── GIVEN DATA

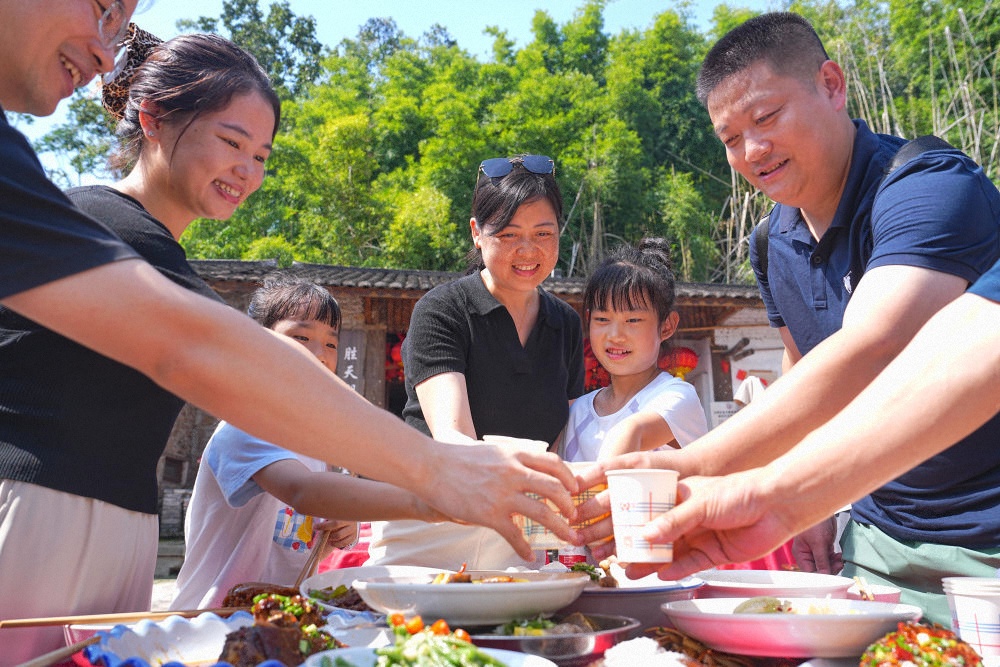 10月6日,在重慶市北碚區(qū)金刀峽鎮(zhèn)勝天湖村“九斗碗壩壩席”現(xiàn)場,游客舉杯共慶中秋佳節(jié)。新華社發(fā)(秦廷富攝)
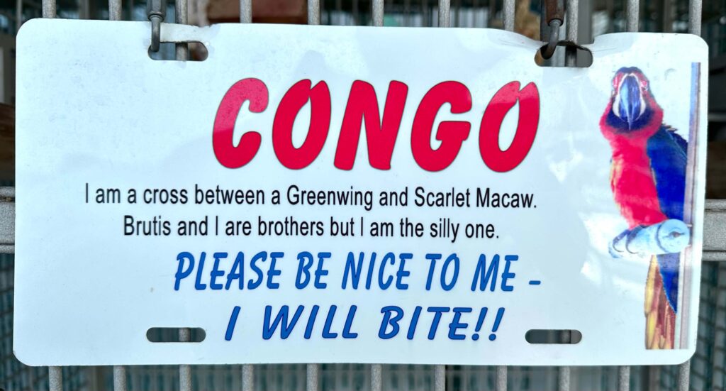 Each bird has a name displayed on its cage, along with a very honest reminder for visitors—“I will bite!”
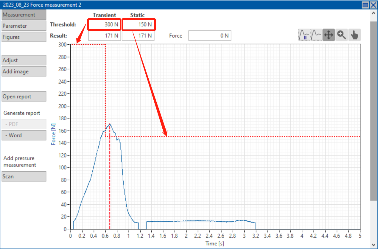 数据成功导入后如图17所示,红线为安全阈值,该数据来源于图5中所选择碰撞区域后所生成的标准(国际标准)。蓝线为实际力曲线。由图可知,该次碰撞在0.6至0.8s内,瞬态力与静态力皆不符合标准。
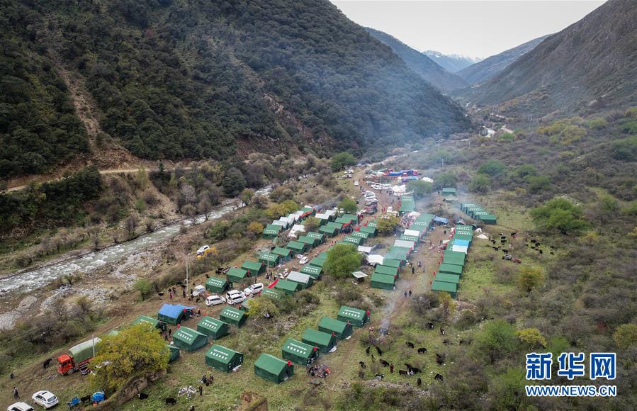 10月19日拍攝的在米林縣派鎮(zhèn)達(dá)林村搭建的安置點。 記者從西藏自治區(qū)林芝加拉村雅魯藏布江堰塞湖災(zāi)情應(yīng)急搶險工作第二場新聞發(fā)布會上獲悉,19日13時30分,雅魯藏布江米林縣堰塞體上游水位超過堰塞體,開始自然過流,上游水位正在緩慢下降。目前,各項搶險救援工作正在有序開展。 新華社記者 普布扎西 攝

────

▶ _TASK DIRECTIONS_
No pictures should appear in the copy; write out exactly the lines from the one containing "Each bird has" through the end of the material.

▶ _TASK OUTPUT_
 Each bird has a name displayed on its cage, along with a very honest reminder for visitors—“I will bite!”
 数据成功导入后如图17所示,红线为安全阈值,该数据来源于图5中所选择碰撞区域后所生成的标准(国际标准)。蓝线为实际力曲线。由图可知,该次碰撞在0.6至0.8s内,瞬态力与静态力皆不符合标准。
 10月19日拍攝的在米林縣派鎮(zhèn)達(dá)林村搭建的安置點。 記者從西藏自治區(qū)林芝加拉村雅魯藏布江堰塞湖災(zāi)情應(yīng)急搶險工作第二場新聞發(fā)布會上獲悉,19日13時30分,雅魯藏布江米林縣堰塞體上游水位超過堰塞體,開始自然過流,上游水位正在緩慢下降。目前,各項搶險救援工作正在有序開展。 新華社記者 普布扎西 攝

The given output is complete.